Overall, Government Computers should not be off-the-shelf models, but cusomized for security. We keep trying to use off-the-shelf and continue to have off-the-shelf problems. Establish a system of closed-house computers and have closed-house problems which enable security to identify faster the breaches and weaknesses of the system, allowing it to work faster and more secure.
Kevin MW Hughes
Why can’t we all just get along?
How about banning pencils and pens, so we can only compromise security to the point that we can remember anything? This is the same organization that had bunches of us making paper airplanes in order to show us how an assembly line worked (no kidding-Lean Sigma 6-right?) and has an Acquisitions Course that starts out teaching arithametic (“what does the “+” sign mean?-no kiddding) The only solution is for the DoD to get a little bit smart or just go back to technology they are comfortable with-like the flintlock musket. And why, to begin with, are all teh DoD systems hooked into one system? Why can’t we have local cell networks that handle low security traffic without al the BS? If that gets breched, so what?

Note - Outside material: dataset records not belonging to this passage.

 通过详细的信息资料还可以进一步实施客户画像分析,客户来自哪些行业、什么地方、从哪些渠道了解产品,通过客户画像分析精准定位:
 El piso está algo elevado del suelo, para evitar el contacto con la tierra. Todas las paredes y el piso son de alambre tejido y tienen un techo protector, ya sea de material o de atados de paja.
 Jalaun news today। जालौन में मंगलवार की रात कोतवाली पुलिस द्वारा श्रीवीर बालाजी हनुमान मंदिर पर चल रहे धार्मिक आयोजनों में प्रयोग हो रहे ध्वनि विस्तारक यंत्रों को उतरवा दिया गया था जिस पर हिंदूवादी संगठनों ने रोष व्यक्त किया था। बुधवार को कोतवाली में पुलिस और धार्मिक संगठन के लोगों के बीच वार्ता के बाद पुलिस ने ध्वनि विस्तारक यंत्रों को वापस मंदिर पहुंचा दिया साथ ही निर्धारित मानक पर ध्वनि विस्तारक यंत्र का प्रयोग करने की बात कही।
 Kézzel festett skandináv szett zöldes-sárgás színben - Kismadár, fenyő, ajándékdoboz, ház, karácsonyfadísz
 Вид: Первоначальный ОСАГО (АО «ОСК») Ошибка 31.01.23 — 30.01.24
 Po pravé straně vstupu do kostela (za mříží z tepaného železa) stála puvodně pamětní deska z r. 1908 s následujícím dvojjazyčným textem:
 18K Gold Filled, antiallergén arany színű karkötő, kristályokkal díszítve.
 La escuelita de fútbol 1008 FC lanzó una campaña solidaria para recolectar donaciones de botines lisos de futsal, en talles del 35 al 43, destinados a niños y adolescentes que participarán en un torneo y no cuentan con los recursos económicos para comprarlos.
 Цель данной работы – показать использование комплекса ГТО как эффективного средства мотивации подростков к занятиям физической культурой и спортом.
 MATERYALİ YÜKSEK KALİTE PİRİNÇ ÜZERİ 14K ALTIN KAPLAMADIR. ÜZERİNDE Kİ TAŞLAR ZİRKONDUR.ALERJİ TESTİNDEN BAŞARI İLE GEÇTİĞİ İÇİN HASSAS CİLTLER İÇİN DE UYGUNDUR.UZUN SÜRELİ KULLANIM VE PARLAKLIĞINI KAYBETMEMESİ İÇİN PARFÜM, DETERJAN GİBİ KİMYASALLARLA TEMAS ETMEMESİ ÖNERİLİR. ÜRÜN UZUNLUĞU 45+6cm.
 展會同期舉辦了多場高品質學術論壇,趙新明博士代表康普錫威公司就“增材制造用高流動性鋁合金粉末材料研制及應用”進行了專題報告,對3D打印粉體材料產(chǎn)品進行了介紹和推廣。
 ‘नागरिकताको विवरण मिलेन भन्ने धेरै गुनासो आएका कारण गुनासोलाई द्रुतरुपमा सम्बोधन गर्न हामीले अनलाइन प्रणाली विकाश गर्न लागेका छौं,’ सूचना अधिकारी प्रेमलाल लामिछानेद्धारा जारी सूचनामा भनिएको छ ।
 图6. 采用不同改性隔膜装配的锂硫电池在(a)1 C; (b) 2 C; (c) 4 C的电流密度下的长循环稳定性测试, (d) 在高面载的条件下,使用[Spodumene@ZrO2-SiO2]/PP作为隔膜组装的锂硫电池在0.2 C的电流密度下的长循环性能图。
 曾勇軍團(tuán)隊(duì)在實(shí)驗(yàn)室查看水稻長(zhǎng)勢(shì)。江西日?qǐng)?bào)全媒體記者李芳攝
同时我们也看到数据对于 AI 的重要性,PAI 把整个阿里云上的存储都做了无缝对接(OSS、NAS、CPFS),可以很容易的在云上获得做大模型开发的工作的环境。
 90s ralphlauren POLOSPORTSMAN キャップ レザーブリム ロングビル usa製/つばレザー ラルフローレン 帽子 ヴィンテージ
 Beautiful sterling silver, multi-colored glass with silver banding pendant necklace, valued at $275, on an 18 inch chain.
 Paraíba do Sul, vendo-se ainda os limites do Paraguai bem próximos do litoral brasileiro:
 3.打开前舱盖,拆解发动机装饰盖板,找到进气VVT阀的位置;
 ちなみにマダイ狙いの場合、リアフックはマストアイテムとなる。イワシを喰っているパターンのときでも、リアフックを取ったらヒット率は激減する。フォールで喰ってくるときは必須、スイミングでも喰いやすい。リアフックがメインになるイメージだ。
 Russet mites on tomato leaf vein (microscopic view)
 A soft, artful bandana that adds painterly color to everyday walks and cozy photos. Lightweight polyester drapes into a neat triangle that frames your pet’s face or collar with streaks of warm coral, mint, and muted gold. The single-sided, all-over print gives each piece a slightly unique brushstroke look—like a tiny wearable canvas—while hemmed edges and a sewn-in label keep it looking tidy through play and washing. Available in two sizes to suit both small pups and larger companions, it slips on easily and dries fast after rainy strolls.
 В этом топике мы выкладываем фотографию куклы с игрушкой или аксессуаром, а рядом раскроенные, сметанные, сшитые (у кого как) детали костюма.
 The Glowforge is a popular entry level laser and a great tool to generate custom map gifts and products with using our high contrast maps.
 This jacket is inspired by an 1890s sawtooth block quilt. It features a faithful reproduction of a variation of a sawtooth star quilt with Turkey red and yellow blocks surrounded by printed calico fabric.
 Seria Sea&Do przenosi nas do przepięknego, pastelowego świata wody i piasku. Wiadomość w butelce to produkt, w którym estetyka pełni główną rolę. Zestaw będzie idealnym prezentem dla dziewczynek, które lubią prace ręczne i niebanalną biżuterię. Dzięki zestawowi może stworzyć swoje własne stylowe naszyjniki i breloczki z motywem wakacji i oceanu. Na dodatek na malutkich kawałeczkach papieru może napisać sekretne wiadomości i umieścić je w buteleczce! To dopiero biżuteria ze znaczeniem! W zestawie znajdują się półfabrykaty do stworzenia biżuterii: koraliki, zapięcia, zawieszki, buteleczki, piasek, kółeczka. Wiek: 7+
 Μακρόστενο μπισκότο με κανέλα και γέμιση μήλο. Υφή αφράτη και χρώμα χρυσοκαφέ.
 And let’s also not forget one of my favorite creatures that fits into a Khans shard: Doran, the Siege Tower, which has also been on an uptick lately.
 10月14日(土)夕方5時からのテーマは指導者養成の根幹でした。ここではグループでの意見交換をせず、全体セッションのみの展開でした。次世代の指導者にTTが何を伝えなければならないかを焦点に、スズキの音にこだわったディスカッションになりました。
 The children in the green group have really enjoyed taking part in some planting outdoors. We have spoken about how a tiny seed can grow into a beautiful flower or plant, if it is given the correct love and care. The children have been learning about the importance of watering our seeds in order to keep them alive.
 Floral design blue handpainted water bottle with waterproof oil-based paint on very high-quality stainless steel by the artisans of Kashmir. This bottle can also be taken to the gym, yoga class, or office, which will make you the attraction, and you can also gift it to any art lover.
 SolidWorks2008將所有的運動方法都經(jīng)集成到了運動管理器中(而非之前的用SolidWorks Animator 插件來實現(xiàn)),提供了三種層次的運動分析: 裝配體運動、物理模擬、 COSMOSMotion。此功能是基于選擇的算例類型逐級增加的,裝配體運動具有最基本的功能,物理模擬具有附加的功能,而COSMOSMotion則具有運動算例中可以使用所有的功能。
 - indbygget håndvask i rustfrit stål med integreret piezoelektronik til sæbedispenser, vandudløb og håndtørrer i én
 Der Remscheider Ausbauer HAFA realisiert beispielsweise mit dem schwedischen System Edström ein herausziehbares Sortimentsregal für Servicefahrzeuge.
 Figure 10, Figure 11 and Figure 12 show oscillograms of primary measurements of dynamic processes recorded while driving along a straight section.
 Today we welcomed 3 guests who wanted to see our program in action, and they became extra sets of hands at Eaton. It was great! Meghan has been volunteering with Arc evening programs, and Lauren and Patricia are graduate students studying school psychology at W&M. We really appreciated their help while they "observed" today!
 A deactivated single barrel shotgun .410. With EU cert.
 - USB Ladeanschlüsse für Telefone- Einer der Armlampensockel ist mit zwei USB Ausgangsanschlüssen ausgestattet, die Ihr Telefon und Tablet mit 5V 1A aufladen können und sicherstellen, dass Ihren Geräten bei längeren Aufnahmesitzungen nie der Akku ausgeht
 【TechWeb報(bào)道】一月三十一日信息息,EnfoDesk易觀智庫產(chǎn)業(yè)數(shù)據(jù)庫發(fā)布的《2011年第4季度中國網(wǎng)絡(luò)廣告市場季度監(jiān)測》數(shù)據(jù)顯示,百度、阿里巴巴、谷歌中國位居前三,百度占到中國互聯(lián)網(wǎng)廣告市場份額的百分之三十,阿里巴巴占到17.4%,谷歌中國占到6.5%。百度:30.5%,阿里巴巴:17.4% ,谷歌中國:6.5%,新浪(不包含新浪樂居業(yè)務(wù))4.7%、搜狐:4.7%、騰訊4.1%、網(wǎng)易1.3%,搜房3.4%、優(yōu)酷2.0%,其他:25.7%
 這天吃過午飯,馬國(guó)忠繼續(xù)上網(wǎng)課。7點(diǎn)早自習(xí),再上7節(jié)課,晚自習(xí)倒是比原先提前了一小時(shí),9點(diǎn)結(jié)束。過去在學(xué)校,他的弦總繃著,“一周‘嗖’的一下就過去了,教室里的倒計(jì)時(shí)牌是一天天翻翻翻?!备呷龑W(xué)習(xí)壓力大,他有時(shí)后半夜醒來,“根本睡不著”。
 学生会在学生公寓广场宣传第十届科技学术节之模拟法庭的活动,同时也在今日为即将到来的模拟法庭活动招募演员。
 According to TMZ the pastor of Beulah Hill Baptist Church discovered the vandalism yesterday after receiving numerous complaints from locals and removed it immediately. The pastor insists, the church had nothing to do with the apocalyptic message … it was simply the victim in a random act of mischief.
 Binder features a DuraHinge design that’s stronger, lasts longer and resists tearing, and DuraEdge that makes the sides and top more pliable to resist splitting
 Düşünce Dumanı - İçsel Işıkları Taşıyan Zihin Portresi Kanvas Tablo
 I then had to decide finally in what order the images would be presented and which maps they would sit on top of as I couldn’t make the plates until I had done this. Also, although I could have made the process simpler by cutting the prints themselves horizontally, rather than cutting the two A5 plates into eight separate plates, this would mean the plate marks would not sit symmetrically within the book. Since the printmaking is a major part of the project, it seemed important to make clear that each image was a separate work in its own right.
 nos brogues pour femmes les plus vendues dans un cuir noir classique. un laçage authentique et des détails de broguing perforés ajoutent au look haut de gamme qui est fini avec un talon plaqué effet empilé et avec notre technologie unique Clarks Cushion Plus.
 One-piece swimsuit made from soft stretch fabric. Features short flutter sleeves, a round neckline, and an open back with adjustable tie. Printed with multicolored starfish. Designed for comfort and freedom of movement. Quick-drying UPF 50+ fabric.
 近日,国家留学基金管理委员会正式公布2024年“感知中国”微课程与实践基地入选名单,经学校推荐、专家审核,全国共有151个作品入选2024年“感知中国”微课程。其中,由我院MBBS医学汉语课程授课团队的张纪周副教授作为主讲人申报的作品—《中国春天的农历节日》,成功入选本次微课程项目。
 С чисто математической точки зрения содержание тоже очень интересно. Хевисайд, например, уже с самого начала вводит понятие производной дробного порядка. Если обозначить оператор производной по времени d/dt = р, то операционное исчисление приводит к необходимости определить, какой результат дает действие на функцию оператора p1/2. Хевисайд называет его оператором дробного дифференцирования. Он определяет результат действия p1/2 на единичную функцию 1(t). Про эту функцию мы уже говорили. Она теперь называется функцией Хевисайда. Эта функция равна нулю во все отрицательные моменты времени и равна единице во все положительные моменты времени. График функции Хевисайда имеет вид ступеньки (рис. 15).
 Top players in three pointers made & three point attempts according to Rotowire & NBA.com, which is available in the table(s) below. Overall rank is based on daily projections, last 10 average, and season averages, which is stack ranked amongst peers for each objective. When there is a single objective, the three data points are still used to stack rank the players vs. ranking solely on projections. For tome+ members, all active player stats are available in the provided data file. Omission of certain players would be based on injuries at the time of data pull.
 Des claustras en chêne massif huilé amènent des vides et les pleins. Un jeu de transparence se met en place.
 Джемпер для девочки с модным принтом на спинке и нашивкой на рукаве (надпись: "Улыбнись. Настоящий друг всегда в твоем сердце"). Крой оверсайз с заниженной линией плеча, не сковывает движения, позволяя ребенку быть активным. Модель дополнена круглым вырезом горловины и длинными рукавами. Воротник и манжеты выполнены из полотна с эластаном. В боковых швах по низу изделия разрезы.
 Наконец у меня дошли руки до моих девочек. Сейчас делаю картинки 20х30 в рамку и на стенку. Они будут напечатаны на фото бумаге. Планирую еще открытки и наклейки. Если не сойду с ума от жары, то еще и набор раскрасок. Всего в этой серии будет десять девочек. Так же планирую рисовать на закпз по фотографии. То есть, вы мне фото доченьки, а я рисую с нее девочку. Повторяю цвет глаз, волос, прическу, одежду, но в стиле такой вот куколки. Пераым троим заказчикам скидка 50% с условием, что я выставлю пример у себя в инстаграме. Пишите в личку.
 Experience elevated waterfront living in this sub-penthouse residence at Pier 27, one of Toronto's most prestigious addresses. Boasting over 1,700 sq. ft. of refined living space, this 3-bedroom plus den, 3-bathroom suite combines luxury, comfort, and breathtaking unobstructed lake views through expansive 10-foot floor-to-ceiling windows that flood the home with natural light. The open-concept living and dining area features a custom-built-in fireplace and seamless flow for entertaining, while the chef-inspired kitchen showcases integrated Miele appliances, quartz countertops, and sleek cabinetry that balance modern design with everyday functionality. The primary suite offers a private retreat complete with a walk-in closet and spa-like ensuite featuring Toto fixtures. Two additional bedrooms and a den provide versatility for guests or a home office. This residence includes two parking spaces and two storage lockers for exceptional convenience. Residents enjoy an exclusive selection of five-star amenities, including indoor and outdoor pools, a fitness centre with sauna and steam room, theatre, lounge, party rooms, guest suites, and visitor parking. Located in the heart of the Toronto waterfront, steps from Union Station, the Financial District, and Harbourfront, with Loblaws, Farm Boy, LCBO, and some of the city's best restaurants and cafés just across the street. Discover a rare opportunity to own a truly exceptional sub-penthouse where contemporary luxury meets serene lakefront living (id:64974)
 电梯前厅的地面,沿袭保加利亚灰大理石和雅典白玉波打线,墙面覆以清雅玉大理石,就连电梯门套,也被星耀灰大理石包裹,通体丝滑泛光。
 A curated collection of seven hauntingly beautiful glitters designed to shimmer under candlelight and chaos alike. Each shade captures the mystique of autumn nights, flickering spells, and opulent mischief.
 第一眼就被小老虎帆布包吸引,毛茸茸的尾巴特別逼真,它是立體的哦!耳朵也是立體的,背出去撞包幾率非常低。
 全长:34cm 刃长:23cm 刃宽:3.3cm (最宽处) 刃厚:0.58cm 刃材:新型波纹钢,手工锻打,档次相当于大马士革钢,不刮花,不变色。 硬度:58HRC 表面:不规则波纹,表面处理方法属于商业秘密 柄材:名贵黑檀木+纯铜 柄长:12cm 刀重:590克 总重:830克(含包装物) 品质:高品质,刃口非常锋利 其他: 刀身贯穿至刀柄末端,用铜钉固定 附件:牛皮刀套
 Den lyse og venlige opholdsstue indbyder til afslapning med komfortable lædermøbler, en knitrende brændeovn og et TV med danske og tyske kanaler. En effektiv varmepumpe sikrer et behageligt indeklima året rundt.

By the time we find out about it, the Russians will find out about it, too-“Who cares about this?’ sort of thing. Let teh Top Secret boys have their own network and ban anything they want from it.
So, Russian or Chinese hackers manage to breach the Pentagon and so they ban thumbdrives for all DoD? Ever occur tothem, that their firewalls just ain’t that good?
Problem is that folks use thumb drives to transfer files from unclassified computers to classified computers (against the rules but folks do it anyway) and they carry virus upstream with the files. Until scanners can be modifed to scan USB devices before allowing a connection they will be a hazard.